PROBLEM TO SOLVE: Print, from the listing below, the lines starting at the line containing "বিদ্যালয়ের মাঠ দখল" and ending at the line containing "postfrisch \nHinweis: geprüft BPP", exactly as they stand, and print nothing else.
[[ INPUT DATA open ]]
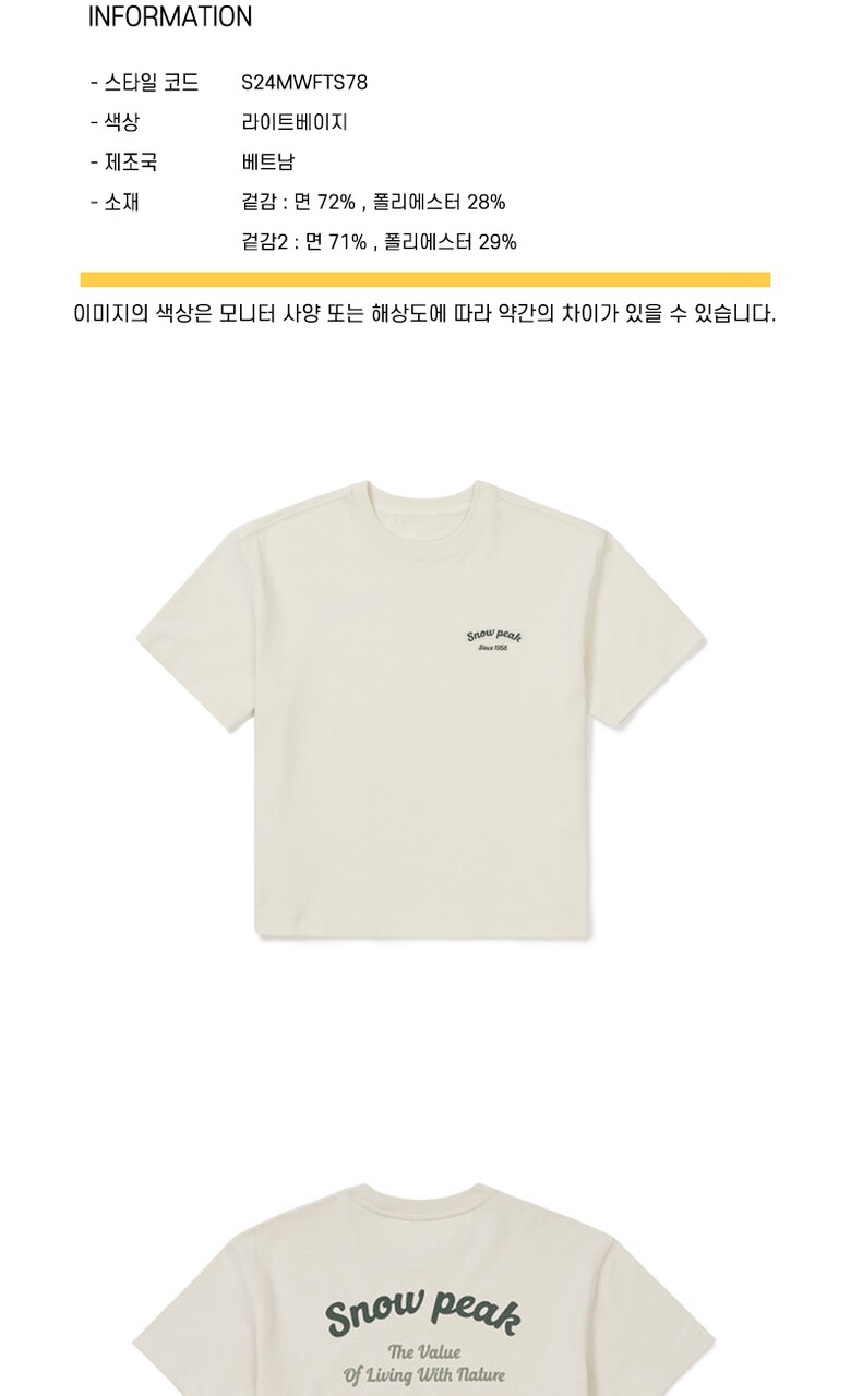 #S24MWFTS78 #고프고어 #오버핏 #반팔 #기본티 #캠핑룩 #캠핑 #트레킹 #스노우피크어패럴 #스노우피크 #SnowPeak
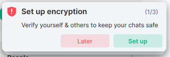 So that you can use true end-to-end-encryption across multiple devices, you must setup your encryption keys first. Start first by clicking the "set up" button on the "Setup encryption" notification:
[[ INPUT DATA closed ]]
[[ INPUT DATA open ]]
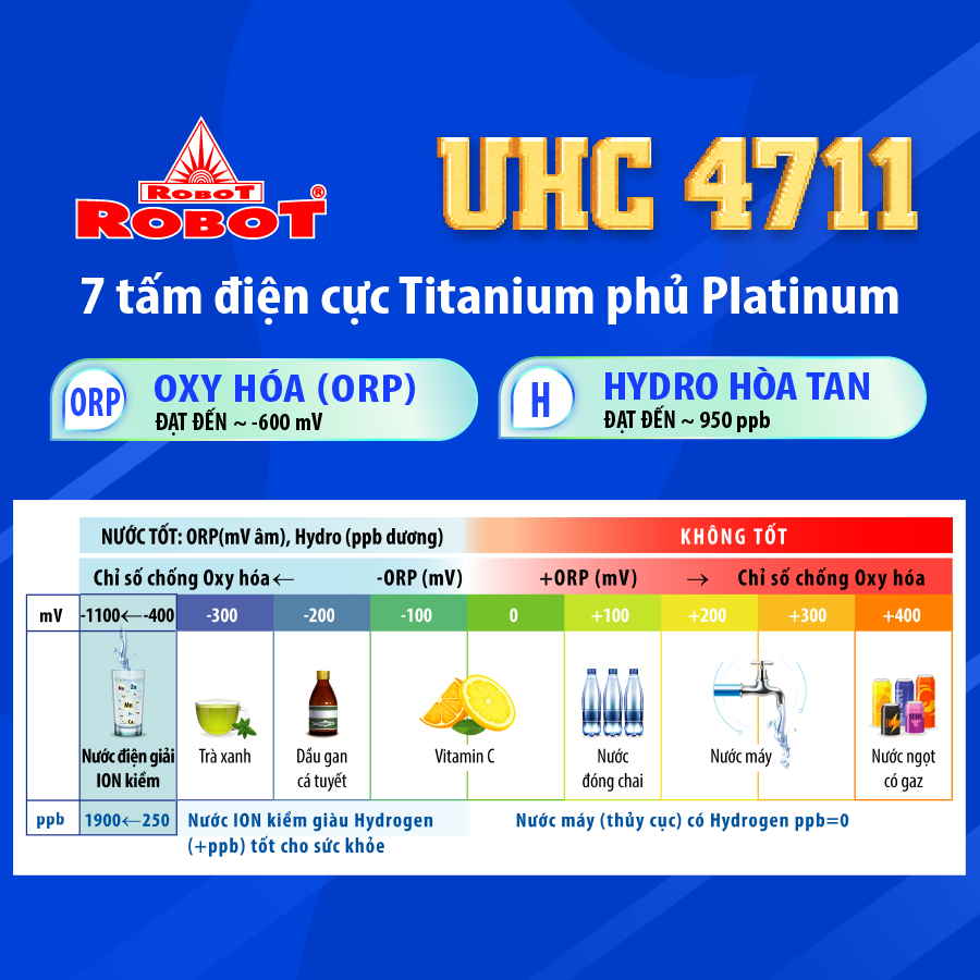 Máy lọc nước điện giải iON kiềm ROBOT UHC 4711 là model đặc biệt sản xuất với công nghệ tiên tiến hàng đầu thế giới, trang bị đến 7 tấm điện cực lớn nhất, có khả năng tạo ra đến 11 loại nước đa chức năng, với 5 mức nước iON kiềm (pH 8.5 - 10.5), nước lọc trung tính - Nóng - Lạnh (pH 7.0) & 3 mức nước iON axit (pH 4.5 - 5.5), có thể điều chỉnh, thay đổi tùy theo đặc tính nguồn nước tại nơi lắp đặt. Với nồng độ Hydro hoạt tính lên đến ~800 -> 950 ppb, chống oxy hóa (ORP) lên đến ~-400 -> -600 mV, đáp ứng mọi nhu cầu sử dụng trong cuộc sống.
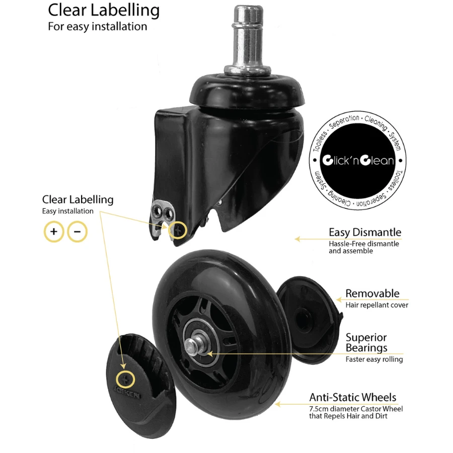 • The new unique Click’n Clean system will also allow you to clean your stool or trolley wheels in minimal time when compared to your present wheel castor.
[[ INPUT DATA closed ]]
[[ INPUT DATA open ]]
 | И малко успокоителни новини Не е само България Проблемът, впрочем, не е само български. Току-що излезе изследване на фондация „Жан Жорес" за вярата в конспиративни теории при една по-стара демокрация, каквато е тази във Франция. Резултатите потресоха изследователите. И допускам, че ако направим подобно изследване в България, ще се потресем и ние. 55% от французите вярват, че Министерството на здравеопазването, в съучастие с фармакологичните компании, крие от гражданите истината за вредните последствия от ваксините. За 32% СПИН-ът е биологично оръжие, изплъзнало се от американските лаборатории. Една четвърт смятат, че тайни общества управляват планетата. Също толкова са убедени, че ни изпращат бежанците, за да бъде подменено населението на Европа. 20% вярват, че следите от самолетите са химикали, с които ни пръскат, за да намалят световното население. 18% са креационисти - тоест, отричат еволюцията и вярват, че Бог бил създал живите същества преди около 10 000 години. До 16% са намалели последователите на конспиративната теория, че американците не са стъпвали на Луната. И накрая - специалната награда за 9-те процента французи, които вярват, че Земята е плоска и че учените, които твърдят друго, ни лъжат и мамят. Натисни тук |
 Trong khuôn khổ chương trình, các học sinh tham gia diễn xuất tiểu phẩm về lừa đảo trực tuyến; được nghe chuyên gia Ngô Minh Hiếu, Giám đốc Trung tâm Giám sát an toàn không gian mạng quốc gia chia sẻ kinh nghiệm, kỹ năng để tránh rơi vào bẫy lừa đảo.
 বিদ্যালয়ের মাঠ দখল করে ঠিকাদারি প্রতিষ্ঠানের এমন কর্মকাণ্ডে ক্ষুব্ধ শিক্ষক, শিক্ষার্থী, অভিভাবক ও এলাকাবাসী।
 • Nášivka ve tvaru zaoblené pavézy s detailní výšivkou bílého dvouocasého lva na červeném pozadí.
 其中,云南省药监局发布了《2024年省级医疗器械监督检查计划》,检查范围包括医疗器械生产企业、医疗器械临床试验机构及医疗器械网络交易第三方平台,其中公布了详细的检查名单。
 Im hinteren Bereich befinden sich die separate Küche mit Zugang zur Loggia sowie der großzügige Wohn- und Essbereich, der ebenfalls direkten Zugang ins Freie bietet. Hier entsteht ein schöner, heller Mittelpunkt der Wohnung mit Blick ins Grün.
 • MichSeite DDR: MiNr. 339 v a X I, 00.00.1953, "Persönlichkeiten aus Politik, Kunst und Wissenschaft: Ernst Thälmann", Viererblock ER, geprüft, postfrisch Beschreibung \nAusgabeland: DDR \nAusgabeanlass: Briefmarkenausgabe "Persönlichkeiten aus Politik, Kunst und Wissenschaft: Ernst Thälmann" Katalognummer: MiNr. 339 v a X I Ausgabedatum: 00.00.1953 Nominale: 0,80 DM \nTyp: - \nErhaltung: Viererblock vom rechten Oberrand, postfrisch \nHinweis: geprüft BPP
[[ INPUT DATA closed ]]
WRITTEN SOLUTION:
 বিদ্যালয়ের মাঠ দখল করে ঠিকাদারি প্রতিষ্ঠানের এমন কর্মকাণ্ডে ক্ষুব্ধ শিক্ষক, শিক্ষার্থী, অভিভাবক ও এলাকাবাসী।
 • Nášivka ve tvaru zaoblené pavézy s detailní výšivkou bílého dvouocasého lva na červeném pozadí.
 其中,云南省药监局发布了《2024年省级医疗器械监督检查计划》,检查范围包括医疗器械生产企业、医疗器械临床试验机构及医疗器械网络交易第三方平台,其中公布了详细的检查名单。
 Im hinteren Bereich befinden sich die separate Küche mit Zugang zur Loggia sowie der großzügige Wohn- und Essbereich, der ebenfalls direkten Zugang ins Freie bietet. Hier entsteht ein schöner, heller Mittelpunkt der Wohnung mit Blick ins Grün.
 • MichSeite DDR: MiNr. 339 v a X I, 00.00.1953, "Persönlichkeiten aus Politik, Kunst und Wissenschaft: Ernst Thälmann", Viererblock ER, geprüft, postfrisch Beschreibung \nAusgabeland: DDR \nAusgabeanlass: Briefmarkenausgabe "Persönlichkeiten aus Politik, Kunst und Wissenschaft: Ernst Thälmann" Katalognummer: MiNr. 339 v a X I Ausgabedatum: 00.00.1953 Nominale: 0,80 DM \nTyp: - \nErhaltung: Viererblock vom rechten Oberrand, postfrisch \nHinweis: geprüft BPP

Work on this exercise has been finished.